Re: [HACKERS] fork()-safety, thread-safety

From
Nico Williams
Date:
On Thu, Oct 05, 2017 at 03:34:41PM -0700, Andres Freund wrote:
> On 2017-10-05 17:31:07 -0500, Nico Williams wrote:
> > > >    vfork() is widely demonized, but it's actually quite superior
> > > >    (performance-wise) to fork() when all you want to do is exec-or-exit
> > > >    since no page copying (COW or otherwise) needs be done when using
> > > >    vfork().
> > > 
> > > Not on linux, at least not as of a year or two back.
> > 
> > glibc has it.  Other Linux C libraries might also; I've not checked them
> > all.
> 
> It has it, but it's not more efficient.

Because of signal-blocking issues?

> > > I do think it'd be good to move more towards threads, but not at all for
> > > the reasons mentioned here.
> > 
> > You don't think eliminating a large difference between handling of WIN32
> > vs.

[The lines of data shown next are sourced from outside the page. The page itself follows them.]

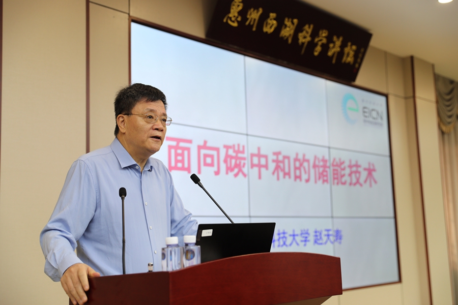 8月24日上午,惠州西湖科學講壇(第二十一講)在豐湖書院澄觀樓舉行。中國科學院院士、南方科技大學碳中和能源研究院院長趙天壽以“面向碳中和的儲能技術”為主題作專題報告,結合研究實踐,探討、講解了實現碳中和目標對儲能技術的要求,分析不同種類新型儲能技術發展現狀與面臨挑戰,闡述儲能領域技術發展方向與產業機會。他認為,目前長時儲能技術是重要發展方向。惠州在發展新型儲能產業方面具有優勢,要結合本地實際加強長時儲能技術研發力度,搶占產業制高點。
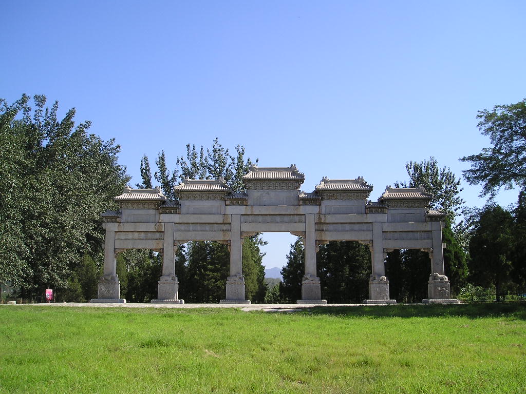 大紅門 坐落于陵區(qū)的正南面,門分三洞,又名大宮門,為陵園的正門。大門兩旁原各豎一通石碑,上刻"官員人等至此下馬"字樣。凡是前來祭陵的人,都必須從此步入陵園,以顯示皇陵的無上尊嚴(yán)。大門兩側(cè)原設(shè)有兩個(gè)角門,并連接著長(zhǎng)達(dá)80華里的紅色圍墻。在蜿蜒連綿的圍墻中,另設(shè)有一座小紅門和十個(gè)出入口,均派有重兵駐守,是百姓不可接近的禁地?,F(xiàn)在這些圍墻都早已坍塌,有些殘跡尚依稀可辨。
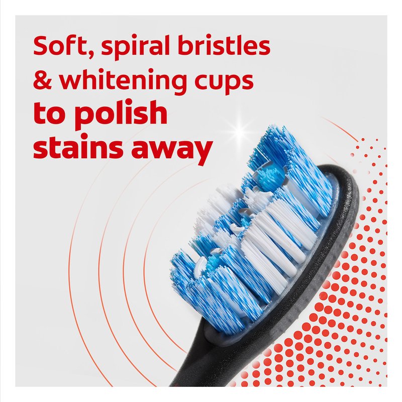 - Spiral bristles and whitening cups to polish stains away for a bright smile
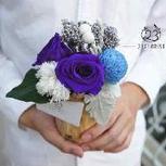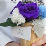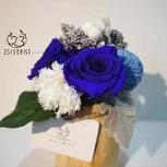 【贰叁花植】永生花摆件第二弹——魅夜。主花材是永生紫罗兰色玫瑰,天蓝色乒乓球菊,康乃馨,银叶菊,蓝色永生米花还有一片永生🍃。
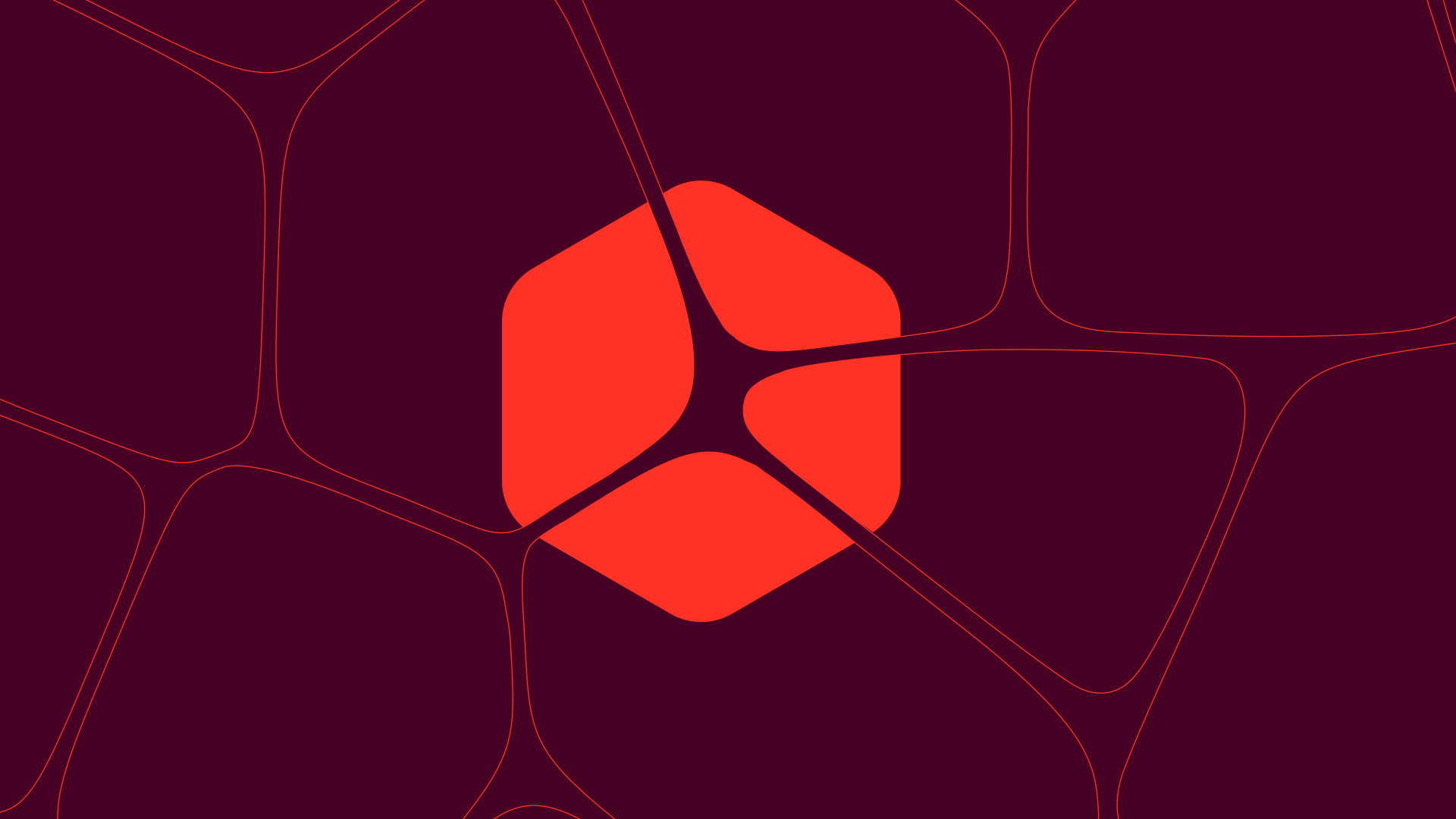 The image features a deep, rich maroon background overlaid with subtle, interconnected lines forming a hexagonal grid structure. A central, vibrant orange-red geometric shape provides a focal point against the dark backdrop.

POSIX is a good reason?
> 
> I seems like you'd not really get a much reduced set of differences,
> just a *different* set of differences. After investing time.

Fair enough.


-- 
Sent via pgsql-hackers mailing list (pgsql-hackers@postgresql.org)
To make changes to your subscription:
http://www.postgresql.org/mailpref/pgsql-hackers

Re: [HACKERS] fork()-safety, thread-safety

From
Tom Lane
Date:
Andres Freund <andres@anarazel.de> writes:
> On 2017-10-05 17:31:07 -0500, Nico Williams wrote:
>> You don't think eliminating a large difference between handling of WIN32
>> vs. POSIX is a good reason?

> I seems like you'd not really get a much reduced set of differences,
> just a *different* set of differences. After investing time.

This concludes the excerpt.